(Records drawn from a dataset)
-=-=-

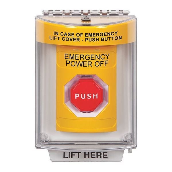 Exit Push Button, Material Polycarbonate, Color Yellow, Input Voltage 125/250V AC, 30V DC, Standards UL and cUL Listed, Includes (2) Form C Contacts, ADA Compliant Yes
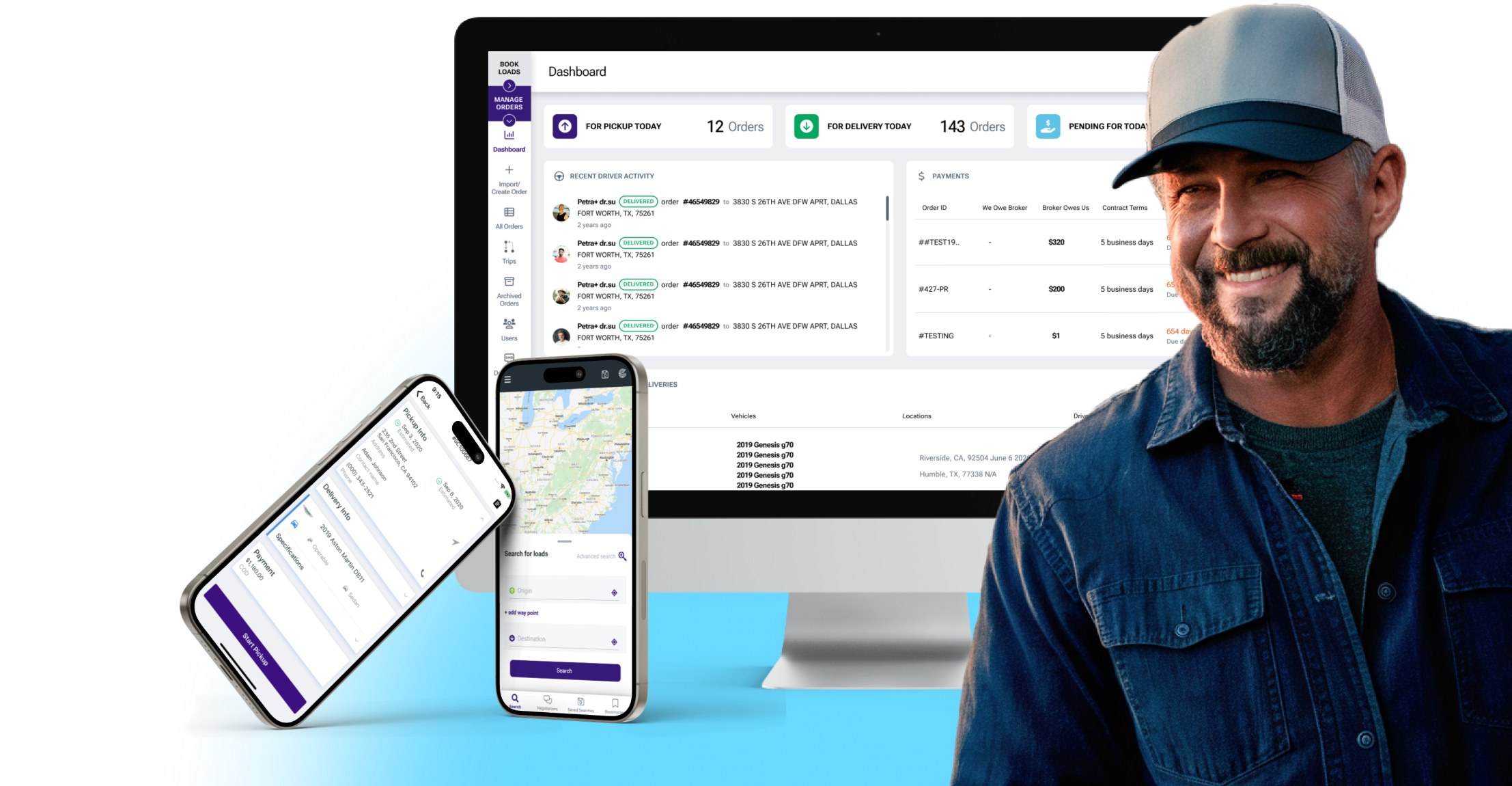 The SmartHaul TMS is a comprehensive solution that streamlines carrier operations by offering features such as load management, trip-building and real-time tracking. It helps carriers improve efficiency, reduce paperwork, and enhance profitability by automating processes and giving you full visibility into your car-hauling business.
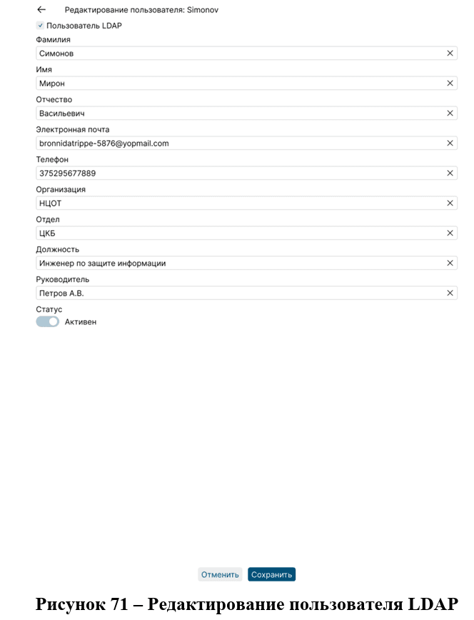 Для редактирования информации о пользователе LDAP необходимо нажать на кнопку «Редактировать» в таблице с подробной информацией о пользователе. При нажатии на нее открывается боковое модальное окно, в котором поля с текстовой информацией станут доступными для изменения (рис.71).
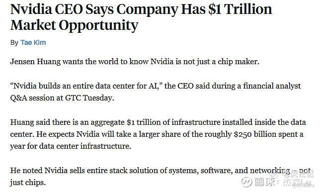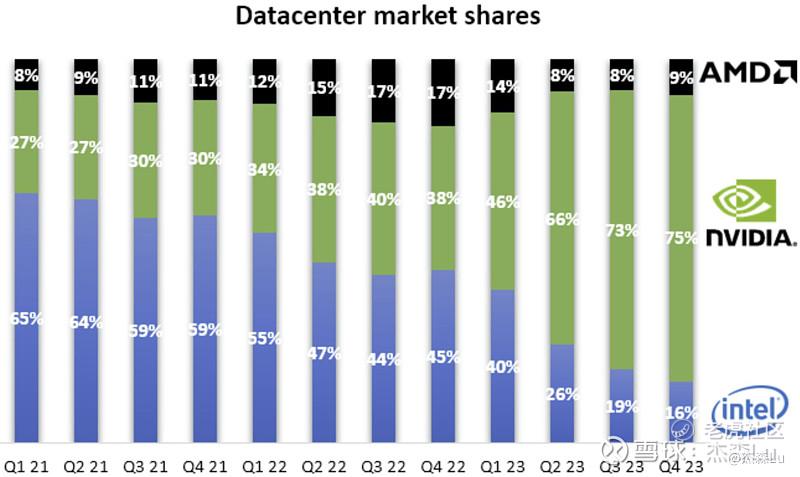 我之前讲过,今年1月份跟英伟达首席建筑师Nick Triantos聊天,他说: Jensen Huang的眼光和大局观在科技圈属于佼佼者,现在你看到的东西,其实英伟达5-8年前就开始做了,其他公司在短时间内很难追上。作为英伟达在数据库收入的竞争对手, $美国超微公司(AMD)$ 和 $英特尔(INTC)$ 最近也在奋起直追,但市场份额已经被英伟达吃掉大半(30%到75%),他们俩的芯片现在还在画大饼阶段,到现在还没有看到对英伟达的芯片有任何实质性威胁。
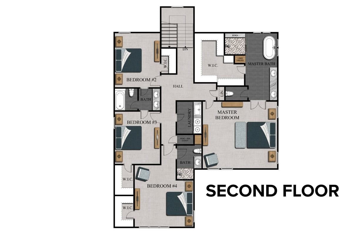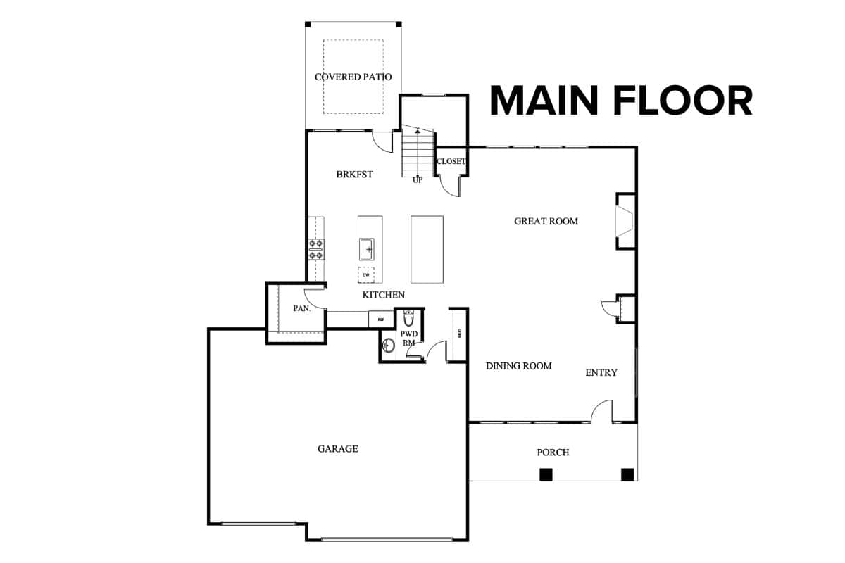The Monroe floor plan by Comerio Homes of Northwest Arkansas offers comfortable, well-organized living in a two-story home with 2,949 square feet of space. Featuring 4 bedrooms, 3.5 bathrooms, and a 3-car garage, this plan is designed to support a variety of household needs.
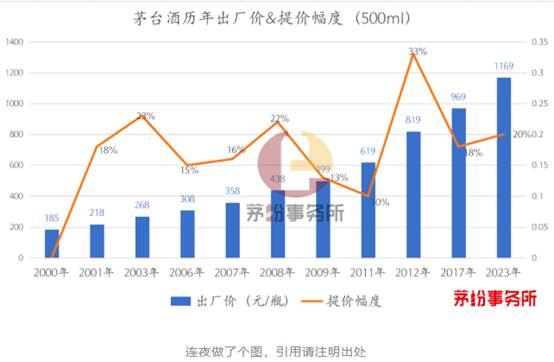 10月31日深夜,貴州茅臺發布公告稱將53%vol 貴州茅臺酒(飛天、五星)的出廠價格上調約 20%,市場指導價則沒有變動。知情人士告訴茅粉事務所,最新的出廠價為1169元。這與20%的提價幅度相當。
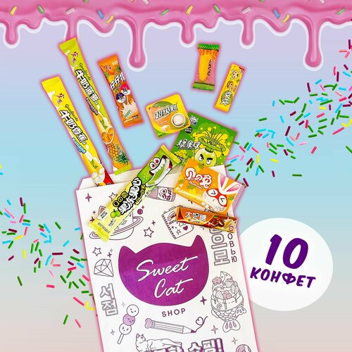 Sweet Cat Shop / Кислые конфеты / Азиатский бокс / Набор кислых сладостей Подарок на 8 марта 23 февраля 14 февраля

-=-=-

:: BRIEF ::
Leaving the pictures out, copy exactly the lines from the line that contains "Для редактирования информации" to the last line of the data, both ends included.

:: SOLUTION TO THE EXERCISE ::
 Для редактирования информации о пользователе LDAP необходимо нажать на кнопку «Редактировать» в таблице с подробной информацией о пользователе. При нажатии на нее открывается боковое модальное окно, в котором поля с текстовой информацией станут доступными для изменения (рис.71).
 我之前讲过,今年1月份跟英伟达首席建筑师Nick Triantos聊天,他说: Jensen Huang的眼光和大局观在科技圈属于佼佼者,现在你看到的东西,其实英伟达5-8年前就开始做了,其他公司在短时间内很难追上。作为英伟达在数据库收入的竞争对手, $美国超微公司(AMD)$ 和 $英特尔(INTC)$ 最近也在奋起直追,但市场份额已经被英伟达吃掉大半(30%到75%),他们俩的芯片现在还在画大饼阶段,到现在还没有看到对英伟达的芯片有任何实质性威胁。
The Monroe floor plan by Comerio Homes of Northwest Arkansas offers comfortable, well-organized living in a two-story home with 2,949 square feet of space. Featuring 4 bedrooms, 3.5 bathrooms, and a 3-car garage, this plan is designed to support a variety of household needs.
 10月31日深夜,貴州茅臺發布公告稱將53%vol 貴州茅臺酒(飛天、五星)的出廠價格上調約 20%,市場指導價則沒有變動。知情人士告訴茅粉事務所,最新的出廠價為1169元。這與20%的提價幅度相當。
 Sweet Cat Shop / Кислые конфеты / Азиатский бокс / Набор кислых сладостей Подарок на 8 марта 23 февраля 14 февраля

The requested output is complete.